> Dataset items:

----------

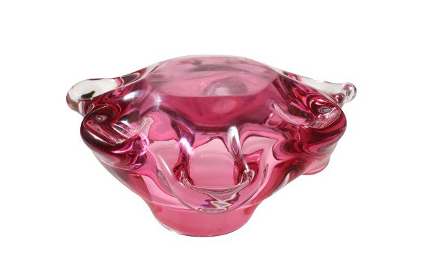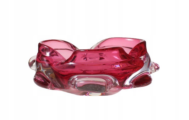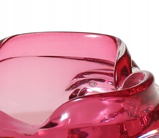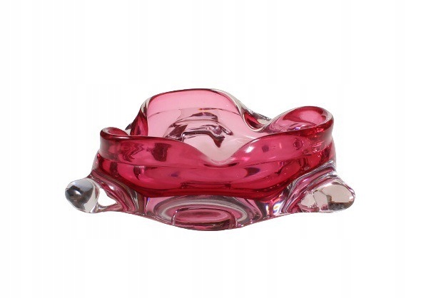 Пепельница на три сигареты из двухслойного содового стекла ручной формовки: снаружи бесцветная, внутри окрашенная в розовый цвет. Пепельница родом из Чехословакии. 2-я половина 20 век
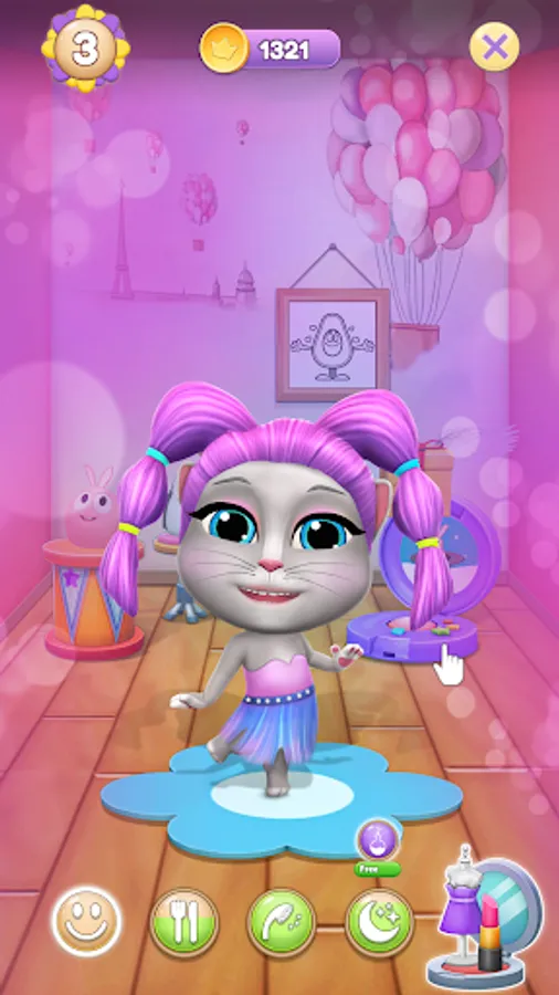 ๐ Lily Kitty Cat - virtual pet game is a perfect combination of animal games and dress up games and it is great for all people who adore cute games and fashion. This talking pet game is a perfect virtual pet simulator but also it can be an interesting dress up game. Lily - My Virtual Talking Pet wants to be one of those cute animals which are pretty and trendy all the time with gorgeous outfits. So, dress up your Kitty Cat, choose some stunning outfit and put makeup on your pet cat. Be creative and make your Kitty Cat Lily attractive and cheerful. Donโt forget to make her house also modern! This beautiful virtual talking cat will look even more spectacular if you buy some stylish furniture.
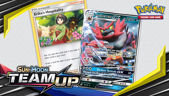 Close look at the new Pokémon TCG cards Erika’s Hospitality and Incineroar-GX from Sun & Moon—Team Up
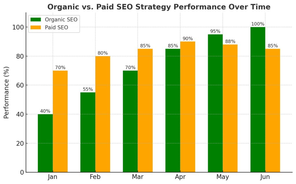 - Paid SEO shows immediate results, but its benefits diminish once the spending stops.
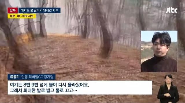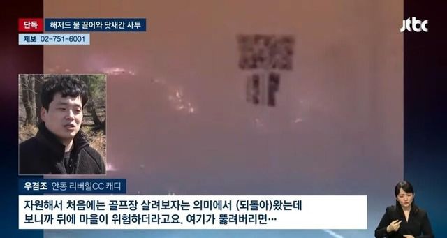항공 사진을 보면 산불이 넘지못한곳은 멀쩡하고 반대쪽은 잿더미가 됐음
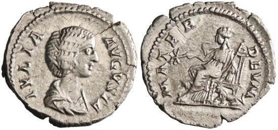 | Roman: Julia Domna (193-217), silver denarius (3.40g), Rome mint, 193-217 CE. Draped bust right / Cybele, towered, enthroned left between two lions, leaning on drum and holding br |
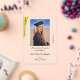 This superb acrylic card announces your High School graduation with style. The basic design features a gold satin partial border on the left with a photo. Be sure to scroll down to get a full product description of acrylic cards (on the left). All text is easily changed with the template. Selecting “Personalize this design” offers you several edit options to easily change the text (wording, plus type font, color, size, position) and to edit the design elements, if desired. You may also want to scroll down to the section “Transfer design to a product” for a few suggestions about other items this design can be used on.
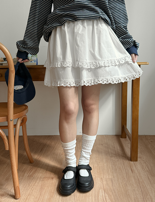 비긴 荷葉裙 褶皺 蕾絲 鬆緊腰 裙 86602
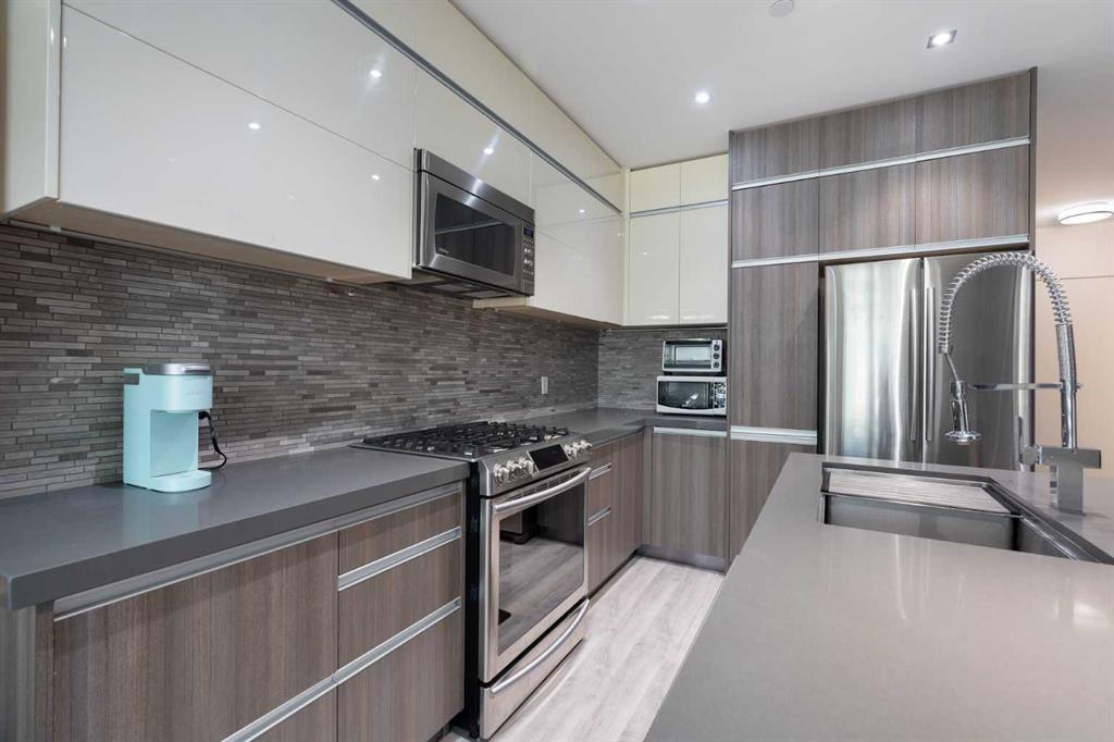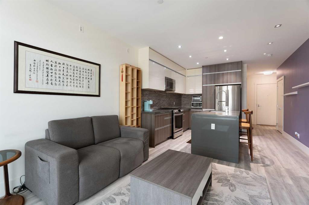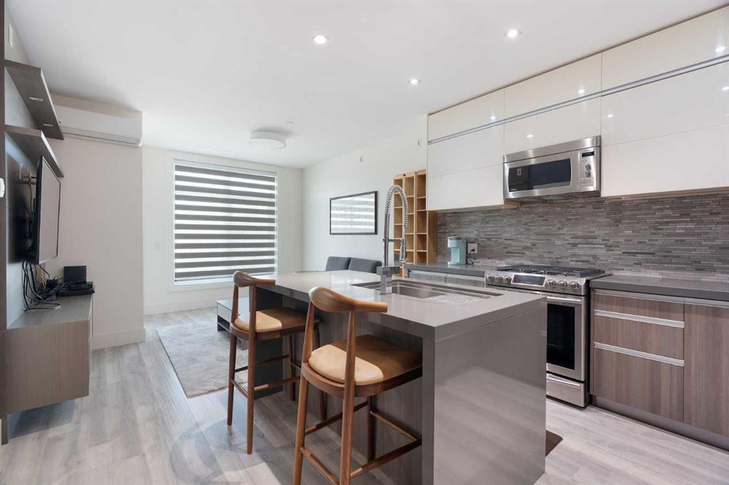 Welcome to Unit 308, an inviting and stylish 2-bedroom, 2-bathroom condo perfectly situated in Crescent Heights. This bright, open-concept home blends modern design with everyday functionality, featuring expansive windows that fill the space with natural light, sleek LVP flooring, and a fresh, neutral palette. The contemporary kitchen is equipped with stainless steel appliances, quartz countertops, and sleek, flat-panel cabinetry with generous storage—ideal for cooking, entertaining, or enjoying a quiet meal at home. The spacious living and dining area opens to a private balcony, perfect for morning coffee or evening relaxation. The primary suite includes a large closet and a stylish 4-piece ensuite, while the second bedroom is well-sized with its own adjacent full bath—offering ideal separation for guests, roommates, or a home office. Additional highlights include in-suite laundry, secure parking, and a stunning rooftop terrace to enjoy the beautiful panoramic downtown and mountain views. Located in a boutique building just steps from cafés, restaurants, shops, river pathways, and city transit, this home delivers the ultimate urban lifestyle—whether you’re a first-time buyer, downsizer, or investor.

----------

> WHAT THE EXERCISE ASKS: Leave the pictures out, and retype exactly the lines from the one containing "비긴 荷葉裙 褶皺 蕾絲 鬆緊腰 裙 86602" through the last line of the entries above, both included.

> OUTPUT OF THE EXERCISE:
 비긴 荷葉裙 褶皺 蕾絲 鬆緊腰 裙 86602
 Welcome to Unit 308, an inviting and stylish 2-bedroom, 2-bathroom condo perfectly situated in Crescent Heights. This bright, open-concept home blends modern design with everyday functionality, featuring expansive windows that fill the space with natural light, sleek LVP flooring, and a fresh, neutral palette. The contemporary kitchen is equipped with stainless steel appliances, quartz countertops, and sleek, flat-panel cabinetry with generous storage—ideal for cooking, entertaining, or enjoying a quiet meal at home. The spacious living and dining area opens to a private balcony, perfect for morning coffee or evening relaxation. The primary suite includes a large closet and a stylish 4-piece ensuite, while the second bedroom is well-sized with its own adjacent full bath—offering ideal separation for guests, roommates, or a home office. Additional highlights include in-suite laundry, secure parking, and a stunning rooftop terrace to enjoy the beautiful panoramic downtown and mountain views. Located in a boutique building just steps from cafés, restaurants, shops, river pathways, and city transit, this home delivers the ultimate urban lifestyle—whether you’re a first-time buyer, downsizer, or investor.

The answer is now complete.